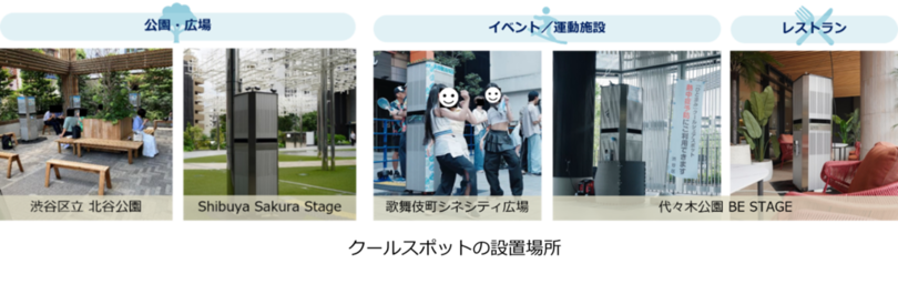 猛暑の中でも一時的に涼める場所を確保するため、渋谷エリアの公園(渋谷区立北谷公園、代々木公園 BE STAGEなど)や広場(Shibuya Sakura Stage)など5箇所に、屋外エアコン「OUTER TOWER」とミスト等を組み合わせて設置し、その効果を測りました。
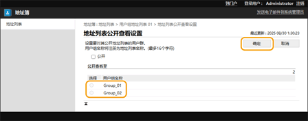 4 | 选择要在其中共享地址列表的组,然后单击[确定]。 ![]() |
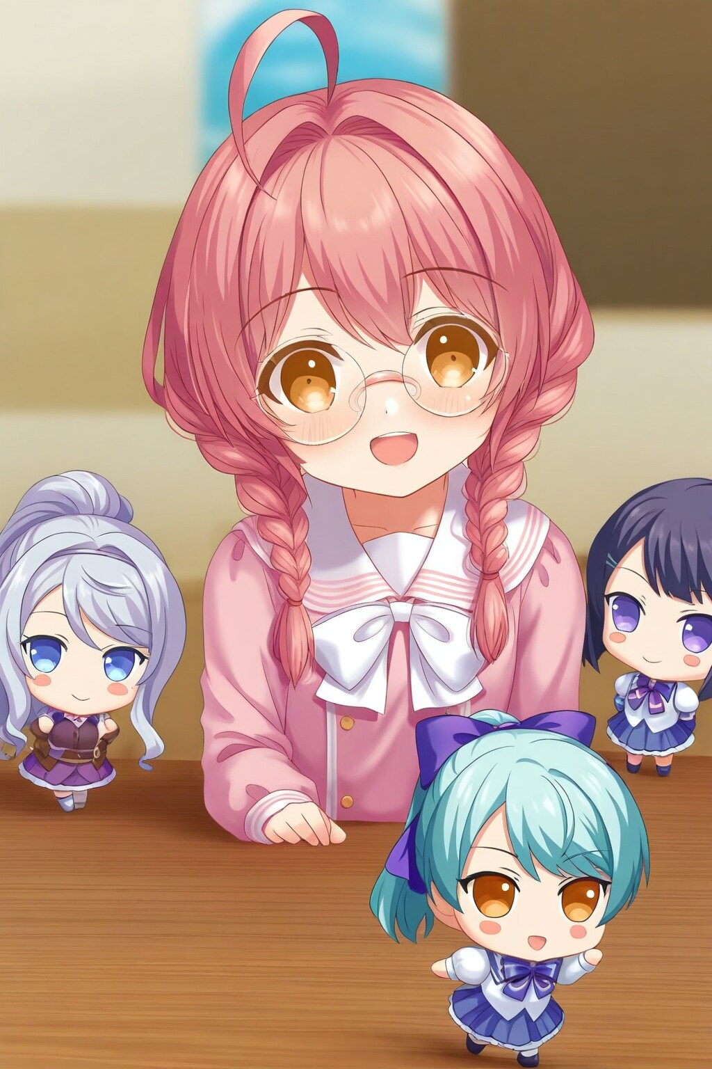 今回はねんどろいどのプロンプトにちょっと足して「miniature effect,Nendoroid, Chibi」、これに自分の名前である「眼鏡三つ編みのあるごす」を英語にして一緒にちちぷい生成に放り込んだものになります。

▸ **What you are asked to do**
A verbatim rendering of the listing above is required, without any of its pictures.

▸ **Exercise solution**
 猛暑の中でも一時的に涼める場所を確保するため、渋谷エリアの公園(渋谷区立北谷公園、代々木公園 BE STAGEなど)や広場(Shibuya Sakura Stage)など5箇所に、屋外エアコン「OUTER TOWER」とミスト等を組み合わせて設置し、その効果を測りました。
 4 | 选择要在其中共享地址列表的组,然后单击[确定]。 ![]() |
 今回はねんどろいどのプロンプトにちょっと足して「miniature effect,Nendoroid, Chibi」、これに自分の名前である「眼鏡三つ編みのあるごす」を英語にして一緒にちちぷい生成に放り込んだものになります。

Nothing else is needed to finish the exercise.